Phylogenetic analysis of tRNA thiolation machinery across eukaryotes reveals:

• Evolutionary Conservation: The CTU2/NCS2 family proteins, including GI19780, are highly conserved from yeast to plants and animals, indicating the fundamental importance of this modification system .

• Functional Adaptations: Despite this conservation, species-specific adaptations have occurred, as evidenced by the specialized roles in plant immunity discovered for the Arabidopsis homologs .

• Complex Formation: The interaction between CTU2-like proteins and their CTU1/NCS6-like partners appears to be an ancient and conserved feature, as similar complexes function in organisms from yeast to plants and insects .

This evolutionary conservation underscores the critical nature of tRNA thiolation for accurate translation across eukaryotic life and suggests that fundamental mechanisms discovered in one organism are likely applicable to others, including humans.

What new technologies might advance our understanding of tRNA thiolation mechanisms?

Several emerging technologies hold promise for advancing tRNA thiolation research:

• Cryo-EM for Complex Structures: High-resolution structural determination of the entire thiolation complex in action could reveal mechanistic details of the thiolation process.

• Single-molecule Fluorescence Techniques: To observe the dynamics of tRNA modification in real-time and potentially identify regulatory mechanisms.
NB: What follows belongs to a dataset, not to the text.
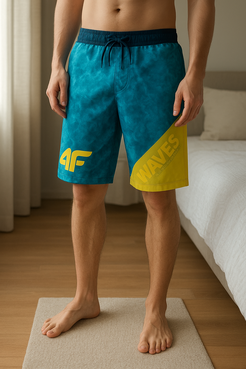 4F Męskie Spodnie Sportowe Granatowe – Wygodne i Stylowe standing straight facing the camera, in a softly lit bedroom setting, with gentle natural light filtering through a window.

• Nanopore Direct RNA Sequencing: For comprehensive detection of modified nucleosides in native tRNAs without amplification biases.

• Ribosome Profiling Combined with tRNA Modification Analysis: To directly correlate specific tRNA modifications with translation efficiency at individual codons.

• Computational Prediction Tools: Developing algorithms to predict the effects of tRNA modifications on translation efficiency and accuracy based on mRNA features.

These approaches could help address outstanding questions about how tRNA thiolation is regulated in response to cellular conditions and how it selectively affects the translation of specific mRNAs.

What are the unexplored aspects of GI19780 in cellular metabolism and stress adaptation?

Several key areas remain unexplored regarding GI19780's broader roles:

• Metabolic Sensing: Whether tRNA thiolation acts as a metabolic sensor, linking translation to cellular energetic status.

• Cell Cycle Regulation: Given the ploidy abnormalities observed in thiolation-deficient yeast , potential connections to cell cycle checkpoints deserve investigation.

• Cross-talk with Other tRNA Modifications: How thiolation interacts with other tRNA modifications to fine-tune translation.

• Tissue-Specific Functions: Potential differential roles in various tissues during Drosophila development and stress responses.

• Environmental Adaptation: Whether tRNA thiolation levels respond to environmental stimuli beyond temperature, such as nutrient availability or oxidative stress.